• **PROVIDED RECORDS**:
= Beginning of Section =

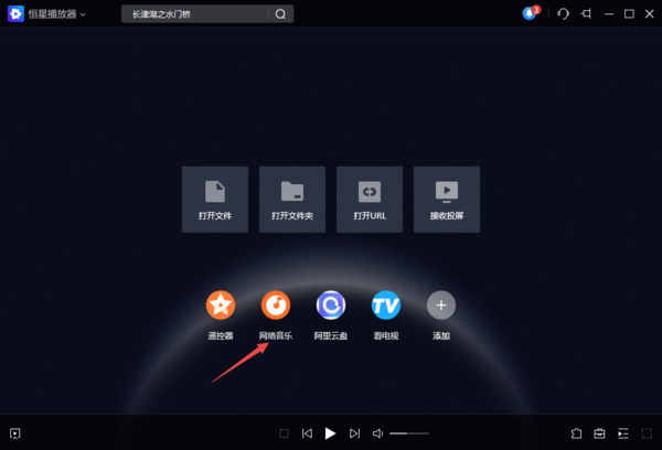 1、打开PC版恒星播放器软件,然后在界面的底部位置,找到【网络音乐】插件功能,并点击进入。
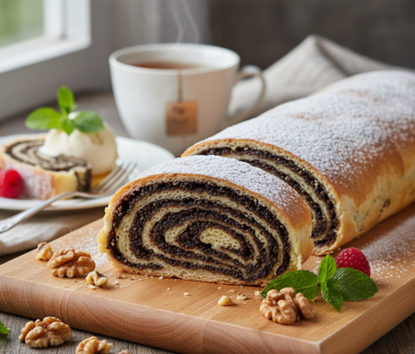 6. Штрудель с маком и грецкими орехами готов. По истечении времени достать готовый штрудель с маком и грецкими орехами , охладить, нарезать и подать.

= End of Section =
= Beginning of Section =

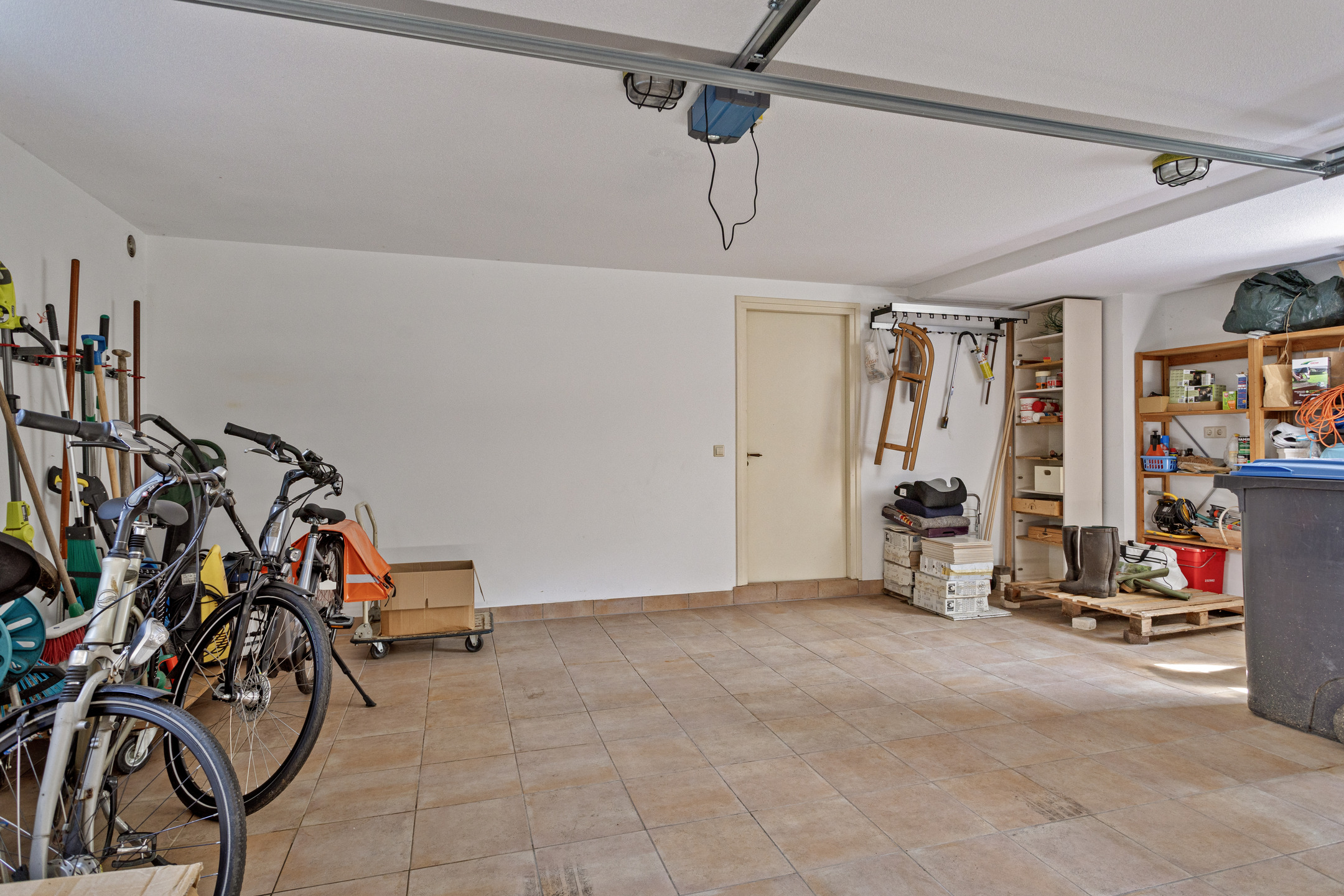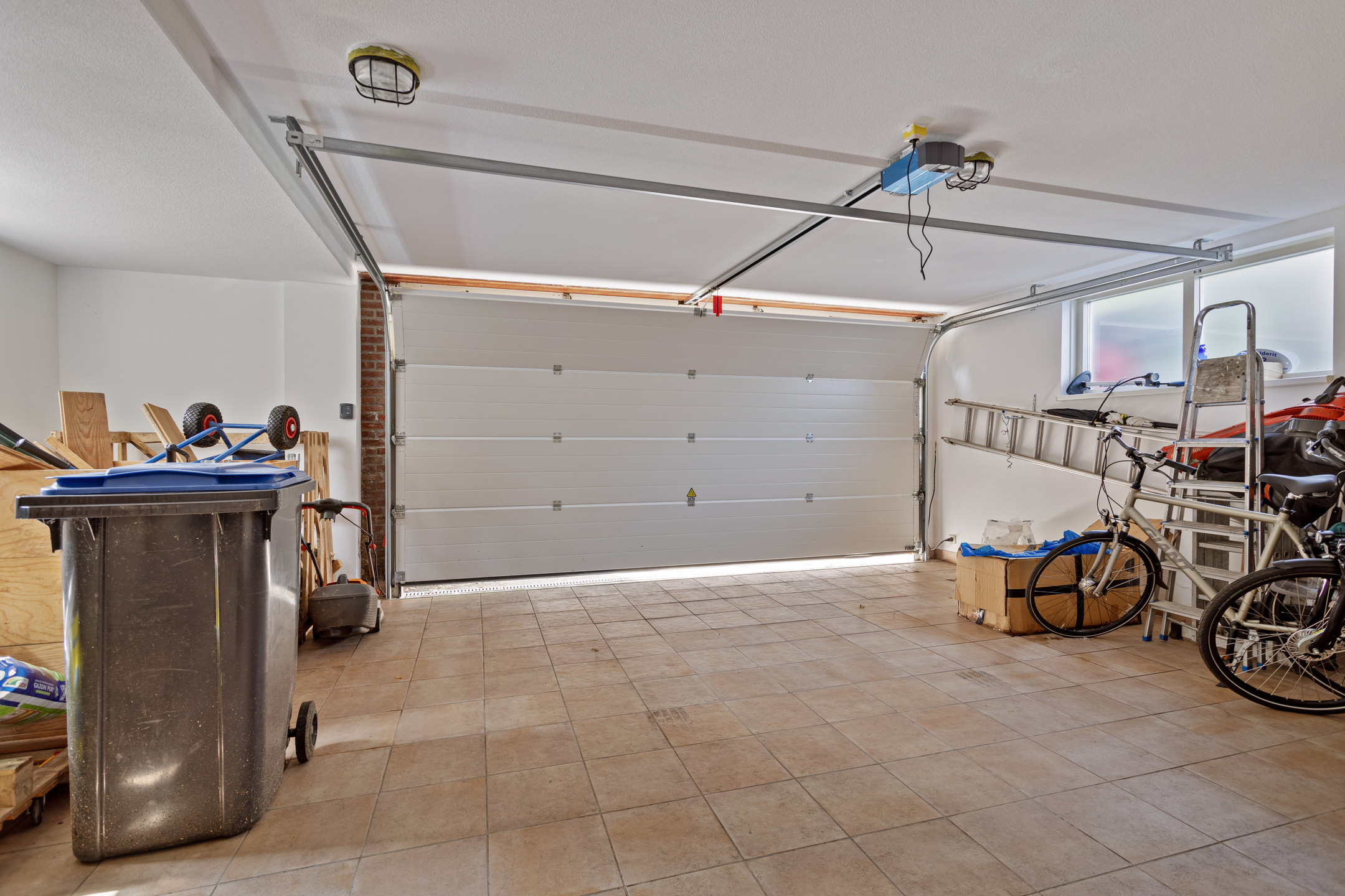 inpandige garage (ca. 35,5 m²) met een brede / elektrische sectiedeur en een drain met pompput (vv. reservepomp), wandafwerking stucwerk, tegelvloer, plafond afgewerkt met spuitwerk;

= End of Section =
= Beginning of Section =

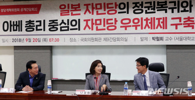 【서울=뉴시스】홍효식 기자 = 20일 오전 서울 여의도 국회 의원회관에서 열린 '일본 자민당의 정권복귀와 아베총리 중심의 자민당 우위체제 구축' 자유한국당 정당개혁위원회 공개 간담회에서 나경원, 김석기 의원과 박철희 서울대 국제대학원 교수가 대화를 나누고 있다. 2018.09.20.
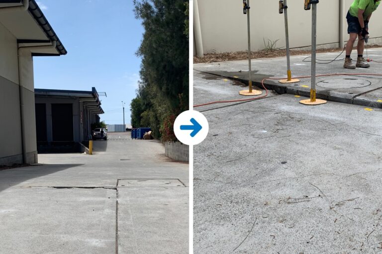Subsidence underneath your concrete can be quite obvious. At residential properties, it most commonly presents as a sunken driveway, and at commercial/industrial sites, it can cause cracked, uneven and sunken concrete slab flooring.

= End of Section =

• **EXERCISE PROMPT**: What you return must match the lines above from the one with "1、打开PC版恒星播放器软件" through the one with "6. Штрудель с" exactly, with both ends included and the pictures excluded.

• **RESULT FOR THIS TASK**:
 1、打开PC版恒星播放器软件,然后在界面的底部位置,找到【网络音乐】插件功能,并点击进入。
 6. Штрудель с маком и грецкими орехами готов. По истечении времени достать готовый штрудель с маком и грецкими орехами , охладить, нарезать и подать.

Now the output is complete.